Commenting on the kiss between Shauna and Melissa, Sophie Nélisse said, "I was surprised by that moment just because Shauna is so not in that head space, I feel like. And because she has that attitude of, 'Don't touch me, don't talk to me, leave me alone,' I'm shocked but also not that much because there have been hints of Shauna's sexuality." Jenna Burgess added, "Melissa has a knife to her throat, and she's closer to Shauna than she's ever been. There's this flurry of heightened emotions. I don't think Melissa has anything left to lose. At this point she's scared, but also very intrigued. The stakes are so high."

==Reception==

===Viewers===
The episode was watched by 0.071 million viewers, earning a 0.02 in the 18-49 rating demographics on the Nielsen ratings scale. This means that 0.02 percent of all households with televisions watched the episode. This was a 23% decrease from the previous episode, which was watched by 0.092 million viewers with a 0.02 in the 18-49 demographics.

===Critical reviews===
"Dislocation" received generally positive reviews from critics. The review aggregator website Rotten Tomatoes reported a 100% approval rating for the episode, based on 8 reviews.

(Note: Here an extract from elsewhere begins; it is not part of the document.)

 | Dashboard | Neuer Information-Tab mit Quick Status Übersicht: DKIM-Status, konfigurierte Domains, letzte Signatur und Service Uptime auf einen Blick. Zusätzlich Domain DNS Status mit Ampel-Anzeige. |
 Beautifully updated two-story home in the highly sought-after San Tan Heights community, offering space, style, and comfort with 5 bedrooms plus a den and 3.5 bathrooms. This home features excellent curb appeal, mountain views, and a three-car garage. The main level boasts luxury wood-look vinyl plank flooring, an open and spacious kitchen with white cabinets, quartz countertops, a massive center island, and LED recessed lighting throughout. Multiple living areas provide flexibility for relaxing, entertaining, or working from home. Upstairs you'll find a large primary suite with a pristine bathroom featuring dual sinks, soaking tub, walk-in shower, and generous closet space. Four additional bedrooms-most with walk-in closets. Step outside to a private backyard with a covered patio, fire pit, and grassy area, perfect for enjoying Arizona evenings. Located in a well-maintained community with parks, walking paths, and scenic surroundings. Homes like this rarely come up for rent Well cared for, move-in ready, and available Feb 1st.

Jen Lennon of The A.V. Club gave the episode a "B" and wrote, "The first two episodes of season three don't quite reach the highs of the supernatural-tinged mystery in season one, but I appreciate the attempt to course correct after season two with a more grounded approach. I'm suitably intrigued."

Erin Qualey of Vulture gave the episode a 3 star rating out of 5 and wrote, "Um, is it possible that Bad Tai set the cabin fire? This scene was literally the first time I'd ever considered that as an option, but it's starting to feel like that might be what actually happened."

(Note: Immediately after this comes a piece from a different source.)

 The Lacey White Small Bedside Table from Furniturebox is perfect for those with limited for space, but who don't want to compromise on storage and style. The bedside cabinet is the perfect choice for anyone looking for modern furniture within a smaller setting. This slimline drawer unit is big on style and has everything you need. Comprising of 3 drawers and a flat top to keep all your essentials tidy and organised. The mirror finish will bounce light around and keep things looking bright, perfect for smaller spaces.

Brynna Arens of Den of Geek wrote, "Toeing the line between terrifying and realistic takes immense skill, and Yellowjackets has once again crafted a season premiere that will keep us guessing what's real and what isn't for the episodes to come." Erik Kain of Forbes wrote, "I adored the spooky score and the 90s' vibes. Now? I feel like we're spinning in circles. Yellowjackets has lost not only that deliciously frightening sense of mystery and creepiness that kept the story humming, but also the humanity that made its characters so compelling to watch."

Esther Zuckerman of The New York Times wrote, "Mari is now trapped with a man who appears to have lost some of himself. If this episode hints that Melissa will see adulthood, it also suggests that Mari may very well not." Melody McCune of Telltale TV gave the episode a 4 star rating out of 5 and wrote, "Who are we when the stakes are life or death? Can we forgive ourselves for what we had to do in survival mode? Few shows like Yellowjackets can successfully tackle these questions while offering a thought-provoking yet respectful deep dive into what trauma does to us."